Benefits of such ventures include producing unrestricted income, enhancing organization’s mission, building an entrepreneurial culture, improving the organization’s recognition and attracting donors, volunteers and staff. Business ventures can increase organization revenue, while reducing vulnerability from changes in donor trends. These diversified revenues can help your organization become less reliant on donations, grants and corporate money, and more self-sustainable.

Here are ten tips Geri provides to ensure your nonprofit’s commercial venture is a success:

  1. Spend Time Planning: Start by identifying an evangelist within the organization who will champion the creation of your business venture, take ownership of the planning process and invest the time necessary to work on the plan. Creating a business plan will clarify your direction, gain buy-in from stakeholders, confirm the venture’s feasibility and identify risks. Define the features and benefits of the product/service. Describe the strategies you’ll use to reach the target market, such as positioning, pricing, distribution channels, sales, advertising and publicity. Budget expenses, project revenue, develop milestones and determine how much money is needed and when.
  2. Stay True to Your Mission: Evaluate the appropriateness of the venture to the nonprofit’s mission. Does the business venture further the mission of the organization? Ventures that are compatible with the nonprofit’s mission are more likely to succeed and have the support of the nonprofit’s key stakeholders.
  3. Practice Good Governance: Get board support early on. If you have to fight the culture of the board or the parent organization, the venture will fail. Managing expectations is important. Keep your board and parent organization informed.
  4. Get Connected: Leaders of commercial ventures need connections to sources of business expertise, industry connections and money. Broaden your existing network by attending conferences, joining organizations and using your Board’s connections. Professionals—such as lawyers, accountants or bankers—can open doors for you.
  5. Ensure Adequate Financing: Money available through grants is limited, and it may be difficult to get donations and corporate money for the creation of business ventures. Therefore, it will be in your interest to learn about new sources of capital, including debt, equity and alternative financing.
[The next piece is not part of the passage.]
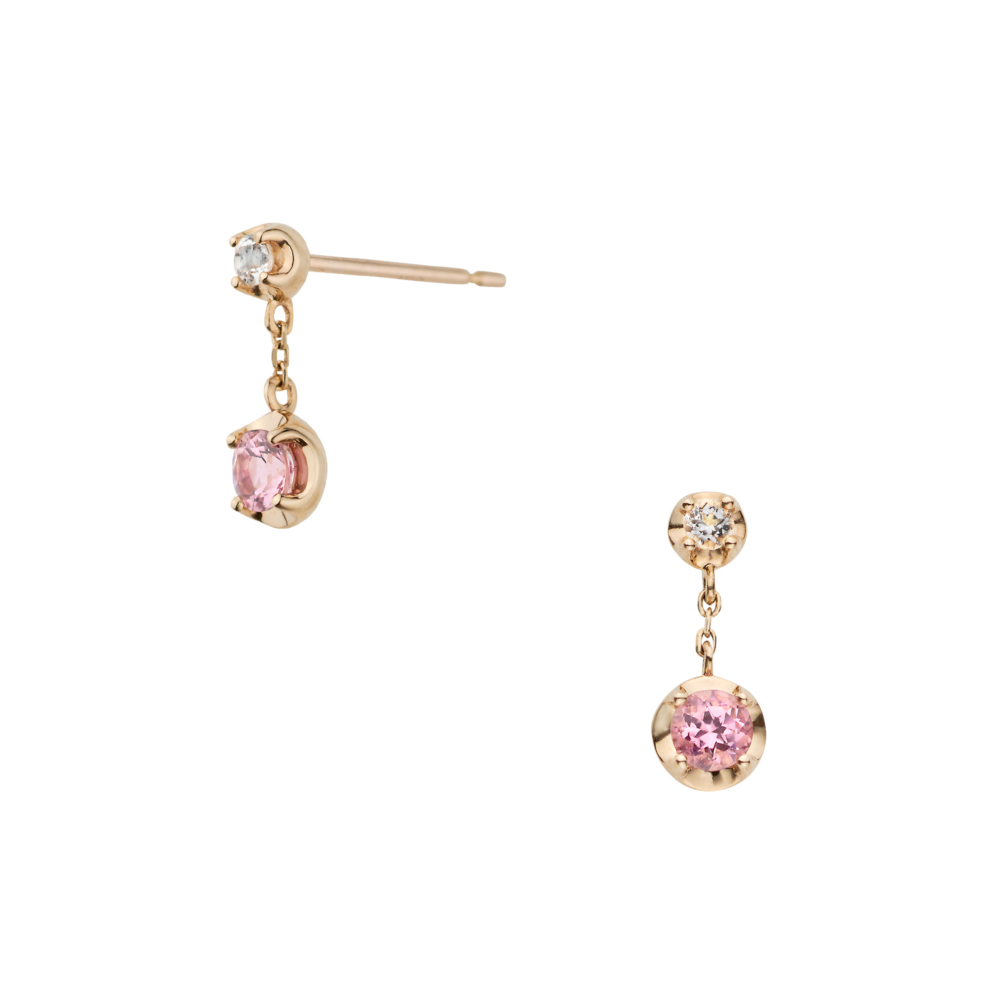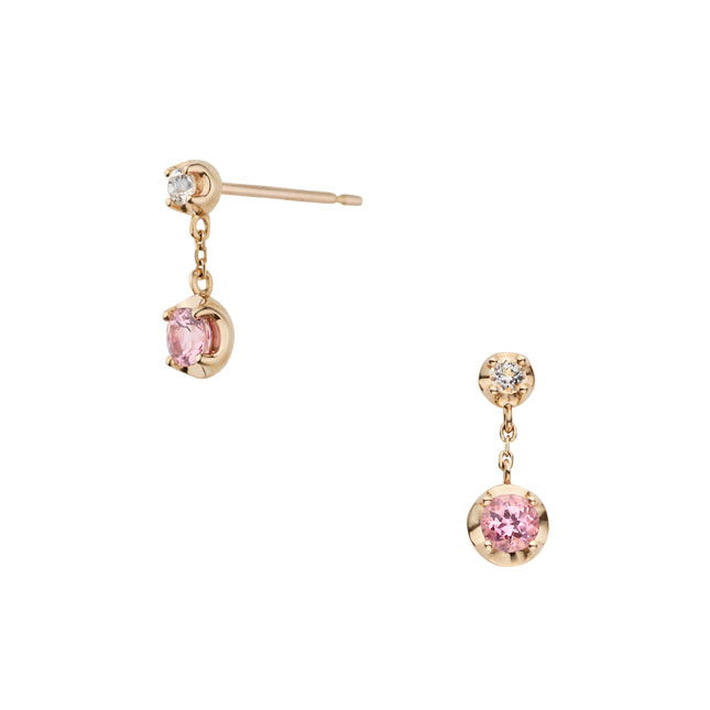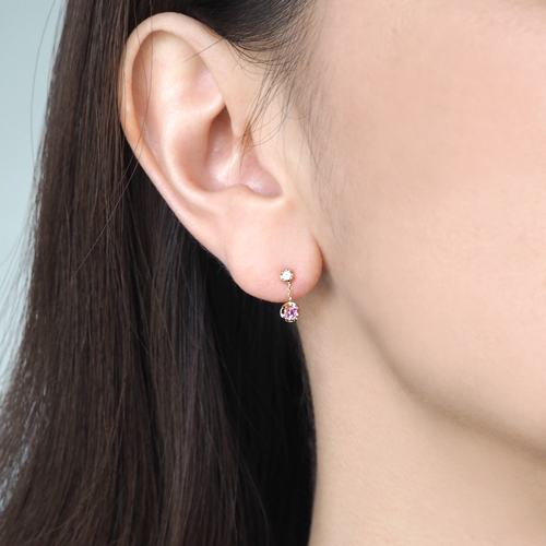 耳たぶからすぐ下に揺れる石枠には、存在感のある大きさのピンクトルマリン。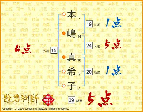 本(5画)嶋(14画) 真(10画)希(7画)子(3画)

  6. Assemble a Strong Management Team: Your top person should be entrepreneurial and have a track record in the industry you’re targeting. Ideally, teams should have, not only industry experience but, functional expertise and industry connections in sales, marketing, technology and finance. Equally important, the people you hire must have a passion for your mission and share the values of your organization. Establish clear lines of authority and responsibility to ensure decision making isn’t slowed by the needs of the nonprofit. Be prepared to pay according to market scale, not nonprofit wages, even though you may be paying your venture employees more than your nonprofit staff.
  7. Benefit by Forming Strategic Alliances: Collaborations are a way to leverage resources, share expertise and spread costs to tackle complex challenges. Partnerships foster mutual benefits, but the alliances exist only as long as they are advantageous to both parties.
  8. Measure Financial, Operational and Social Performance: Healthy revenue and profit margins are crucial to any commercial venture. You must maintain adequate financial information systems to determine the health of the business and hold the management team accountable for making a profit.
  9. Focus on the Customer: Every business seeks satisfied customers who return because they trust the company’s product or service. Repeat customers come at a much lower cost than attracting new customers. Build loyalty by instilling a helpful attitude, delivering on advertised promises, developing a favorable return policy and providing accurate product information.
  10. Adapt Quickly, Thoughtfully and Strategically: Problems may arise for a variety of reasons, usually due to overly optimistic sales projections. Stakeholders will want to know what strategies you have in place to cope with this slippage. Remember, even the most promising start-up may need a greater investment to reach break-even.